Gurbetçiler ne etti size?
“Hani Almanya batıyordu, hepsinin altında pahalı arabalar var.” “Can atıyorlardır zaten… 2-3 bin Euro’yla gelse 1 ay deli gibi tatil yapar giderler… Memleket bunlara bedava.” “Gelin bakalım ‘Yeğenim bizim orada kurulu düzenimiz var yoksa Türkiye cennet, cennet’ demeye!”
Bu makalede yer alan fikirler yazara aittir ve Der Virgül’ün editöryal politikasını yansıtmayabilir.
Yaz ve bayram tatilini memleketinde geçirmek isteyen gurbetçilerimiz uçakla, arabalarıyla akın akın Türkiye’ye geliyor. Arabalı treni tercih edenler de var.
Avusturya’nın Villach şehrinde araçlarını oto kuşet vagonlara yükleyen gurbetçiler, Slovenya, Hırvatistan, Sırbistan ve Bulgaristan’ın ardından Edirne Tren Garı’na ulaşıyorlar.
40 saat süren, 1.400 kilometrelik ‘sıla’ yolculuğunu yorulmadan rahat bir şekilde yapıyorlar.
Bu haberle ilgili haber siteleri ve sosyal medyadaki yorumlara baktığımda çok şaşırdım.
Bu klasik turizm haberinin yorumlarında gurbetçi nefretiyle karşılaştım:
• “Hani Almanya batıyordu, hepsinin altında pahalı arabalar var.”
• “Can atıyorlardır zaten… 2-3 bin Euro’yla gelse 1 ay deli gibi tatil yapar giderler… Memleket bunlara bedava.”
• “Gelin bakalım ‘Yeğenim bizim orada kurulu düzenimiz var yoksa Türkiye cennet, cennet’ demeye!”
Bu yorumlar en kibarları, hakaret içerikli yorumlar da var.
Biz hangi ara gurbetçi düşmanı olduk?
Sokak röportajlarında “Her şey çok güzel, Türkiye bolluk bereket” diye yorum yapan gurbetçiler yüzünden mi bu düşmanlık başladı?
Birkaç sokak röportajını 7 milyon gurbetçiye genellemek adil bir yaklaşım mı?
Yahu dövizdeki artıştan gurbetçiler mi sorumlu? Euro 1.5 lirayken de her yaz Türkiye’ye geliyorlardı!

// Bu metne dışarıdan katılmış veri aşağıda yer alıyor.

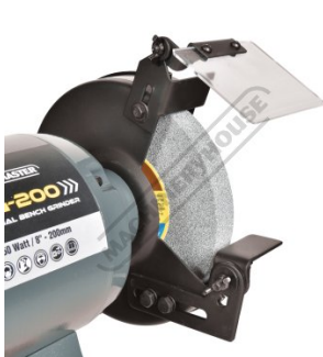
Adjustable Eye Shield Tool Rest
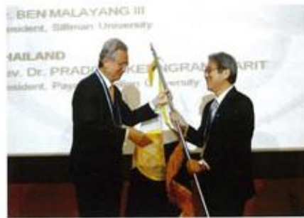
Transfer of ACUCA Secretariat to ICU
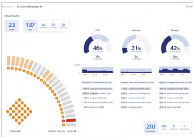
Kubernetes dashboard showing clusters and utilization

Active IQ's predictive analytics directly visible from Cloud Insights. Directly identify Active IQ risks and take advantage of prescriptive guidance.
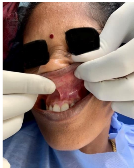
Figure 1: Intraoral view of lesion

A computerized tomographic (CT) scan revealed a well-defined round soft tissue lesion in the lateral pyriform aperture (Figures 2 and 3).
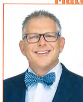
CEO, Greater Topeka Partnership

Gurbetçi, Ruslardan, Araplardan, Almanlardan daha çok para harcıyor. Sadece kendileri için değil akrabaları için harcıyorlar.
Önce memleketlerinde akrabalarıyla vakit geçiriyorlar, sonra da otellere gidiyorlar.
En önemlisi gurbetçi, Avrupa’da kazanıp Türkiye’de yatırım yapıyor! Ev alıyorlar, yakınlarına maddi destekte bulunup ticareti teşvik ediyorlar vs.
Örneğin Afyonkarahisar’ın 100 bin nüfusu bulanan Emirdağ ilçesinde yaz aylarında nüfus 300 bine kadar yükseliyor.
Gurbetçiler kazandıkları parayı memleketleri Emirdağ’da yatırıma dönüştürüyor.
Emirdağ gibi birçok örnek var.
40 MİLYAR EURO!
Gurbetçilerin yaz tatilini memleketlerinde geçirmeleri Türkiye’ye milyarlarca lira döviz girdisi ve sıcak para akışı sağlıyor.
Birçok ülke yabancıya ev satmak için türlü fırsatlar sunarken, bizim emlak piyasasının müşterisi hazır gurbetçiler. Elbette gurbetçiler de kar elde etmek için yatırım yapıyor.
Ama pahalı arabayla geliyorlar, Euro ile tatil yapıyorlar. “Türkiye cennet” diyorlar diye gurbetçiler günah keçisi ilan ediliyor!
Ne yapsınlar? Yazlığı İspanya’dan mı alsınlar?
Birikimlerini Yunan bankalarına mı yatırsınlar?
Türkiye’nin ihracat ve turizmden sonra en büyük döviz gelir kalemini yurt dışından gelen ‘işçi dövizi’ girişleri oluşturuyor.
Yurt dışında yaşayan yaklaşık 7 milyon Türk’ün Türkiye’deki bankalarda 40 milyar Euro’su var.
Bu mevduatın önemli bir kısmı kur korumalı sisteme döndü. Bu bile ülke ekonomisi için hayati bir adımdı.
Gurbetçi, Türkiye’den parasını geri çekse ne olurdu hiç düşündünüz mü?/ MEVLÜT TEZEL
*Bu makalede yer alan fikirler yazara aittir ve Der Virgül’ün editöryal politikasını yansıtmayabilir.